Тидан утих, пошарил по конверту пристальным взглядом, с шумом выдохнул и подошел к парапету.
– Ох уж эта девчонка! Все сделает, чтобы побыть с тобой без надзора. Ты знаешь, я не одобряю.
– Ваше величество, я делаю все, чтобы царевна не подумала, будто я увлечен ею.
– Так ты увлечен?! – пуще прежнего запричитал Тидан.
– Повелитель, мы говорили об этом перед моим отбытием в Кадеш. Поверьте, с тех пор ничего не изменилось. – Агравейн провел по ключицам по давней привычке. Не найдя нужного, сжал кулак и стиснул зубы.
– Тебе нехорошо? – Царь выглядел недовольным, будто нехотя отвлекся от тирады и был вынужден обратить внимание на состояние царевича.
– Дело не в этом.
– Тогда в чем?
В чем? Агравейн и себе объяснить не мог. Он был страшно растерян, и если тело его быстро приобретало былую силу, то для разума прежняя ясность казалась недостижимой.
– Мышцы тянет после упражнений, – отозвался архонец.
Тидан понял, что ответ окончательный, и продолжил.
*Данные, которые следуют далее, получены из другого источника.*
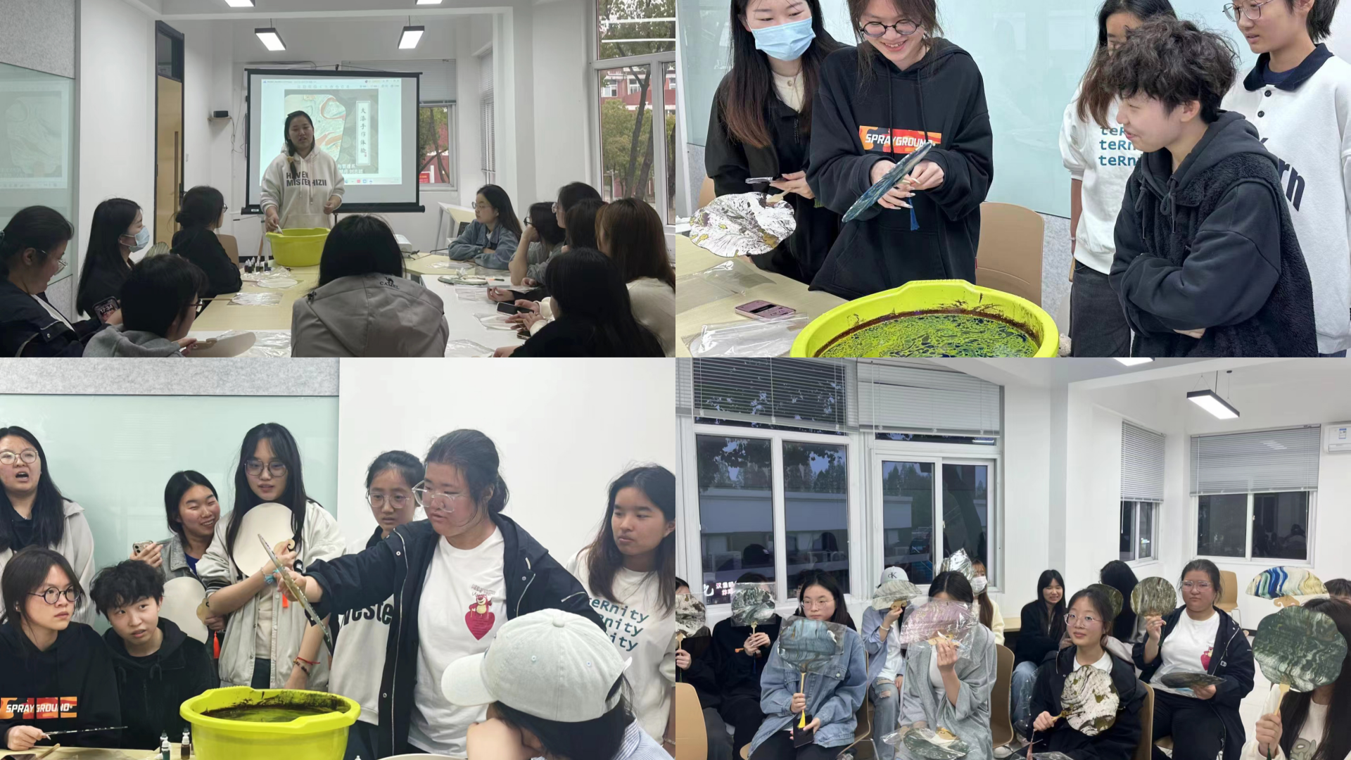 4月14日晚,非遗漆扇课里,大家将一同欣赏漂漆的灵动之美,亲手体验国家级非遗漆染工艺。主讲学生胡月、刘志颖,以传统工艺与现代设计相结合的教学方式,详细讲解了漆扇的起源、发展、制作流程及漆染工艺的独特魅力。在动手制作的过程中,团员青年们不仅深刻感受到了非遗文化的博大精深,更在扇面上绘制出了属于自己的创意与风格。一把把精美的漆扇在大家手中诞生,仿佛承载着传统文化的厚重与青春创意的活力,成为了一站式学生社区里一道亮丽的风景线。
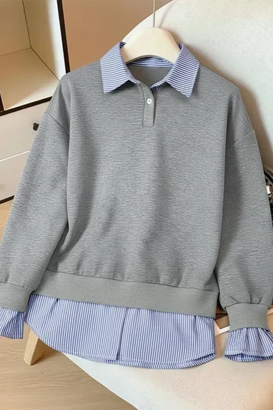 Grey Layered Polo Neck Sweatshirt
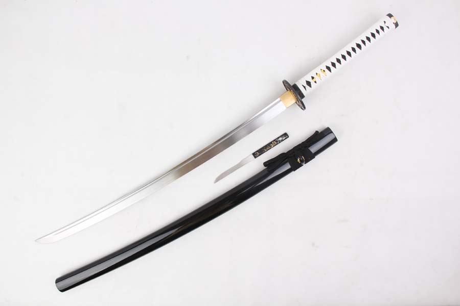 28寸手工刀全長(zhǎng):104cm 刃長(zhǎng):68cm 柄長(zhǎng):28cm刃材:1045鋼無(wú)槽有花口 腹刀不銹鋼柄材:實(shí)木 繞白色帶+真魚(yú)皮鞘材:實(shí)木黑亮光帶腹刀插槽 繞黑色帶配件:銅+鋅合金包裝:黑彩盒裝 帶黑布袋
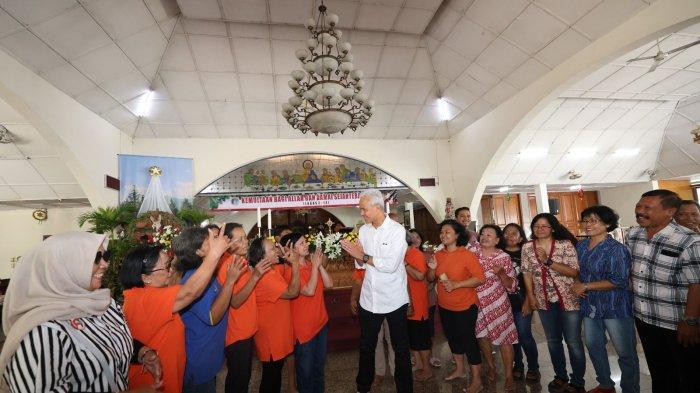Saat berkunjung ke Gereja Katolik Sp Maria Regina Purbowardayan, Ganjar disambut antusias para jama yang siap melaksanakan Misa natal.
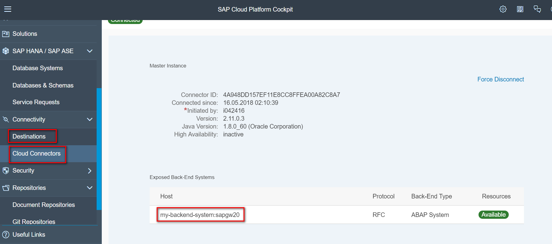 在SAP云平台上完成必要配置,同Cloud Connector建立连接。

Он пришел сообщить, что Удгар просит сына прибыть на Священный остров к весеннему равноденствию. Агравейн поблагодарил за весть и в ответ на раздражающую подозрительность Тидана пообещал сократить количество встреч с Майей еще больше.
Агравейн задумался: если сообщение о дальнейших действиях принес ему Тидан, что же за бумагу принесла царевна? Когда владыка Шамши-Аддада вышел, Агравейн вернулся в комнату, сел за стол и развернул конверт. Ришильда, жена… Еще один вопрос к тому, что же означало его возвращение из лап Нанданы-Смерти. Мужчина повел шеей, шаря, прошелся по груди, в надежде зацепить подвеску, и, в тысячный раз не найдя, выругался, с грохотом опустив кулак на стол.

 

Сабир Свирепый наконец узнал о бедственном положении дочери. Сыграли роль не только слухи и сплетни, но и довольно убедительные свидетельства разведки. И едва не проклял Землю и Небеса. Он отделен от Бану месячным переходом, зажат, обложен и окружен со всех сторон. С севера – бежевыми, которые не нападают, будучи занятыми Маатхасом, но и пройти не дают; с запада и юга – черными Дайхаттами, которые уже убили двух его племянников и брата Ванбира; с запада – сиреневыми, которые в лице Идена Ниитаса не давали ему пройти и никак не оказывали поддержки. Чтобы прорваться к ней, придется сначала каким-то образом расчистить себе дорогу. И даже если у Сабира все получится, учитывая численное превосходство его воинства в моменты соединения всех армий, подобное решение не заслуживает высокой оценки.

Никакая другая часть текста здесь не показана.